Rui Moreira sabe que vai encontrar uma campanha dura pela frente. Com o caso Selminho às costas — o autarca vai mesmo a julgamento –, com Rui Rio ativamente empenhado em conseguir um bom resultado na cidade, com um PS movido por uma candidatura bem mais musculada — Eduardo Pinheiro, próximo de Moreira, desistiu de avançar; Tiago Barbosa Ribeiro sempre foi da ala do partido que mais críticas fez ao autarca desde a rutura na anterior campanha — e com a oposição de sempre e sempre vocal de Bloco de Esquerda e PCP, a campanha será tudo menos fácil para o independente.
“Para tal gostava que esta campanha continuasse a ser diferente das outras, por isso quero endereçar um convite a toda a cidade e a todos os portuenses, pois o futuro passa por cada um de nós. Estou certo de que a política rasteira e infame nunca chegará do Porto, mas sim zumbirá de outros poleiros”

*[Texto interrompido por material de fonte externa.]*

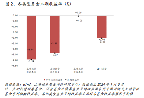 本 期 ( 2024.1.2-1.5 ) 上 证 指 数 下 跌 1.54% , 深 证 指 数 下 跌4.29%。申万一级行业多数下跌,其中煤炭行业涨幅最大。海外权益市场重要指数多数下跌,国际黄金价格下跌。本期各类型基金指数都录得负收益。主动投资债券基金指数下跌 0.05%,主动投资混合基金指数下跌 3.37%,主动投资股票基金指数下跌 3.94%;QDII 基金收益率平均数下跌 2.03%。

A referência aos “outros poleiros” fora do Porto sugere que outros, não necessariamente envolvidos diretamente na corrida eleitoral, estarão empenhados em derrotar Moreira. Esta sugestão cabe pode ser vista como uma nova indireta a Rui Rio e à campanha “rasteira e infame” que aí vem. Rui Moreira sabe que os sociais-democratas não se cansarão de explorar o Caso Selminho — e outras polémicas que venham a surgir.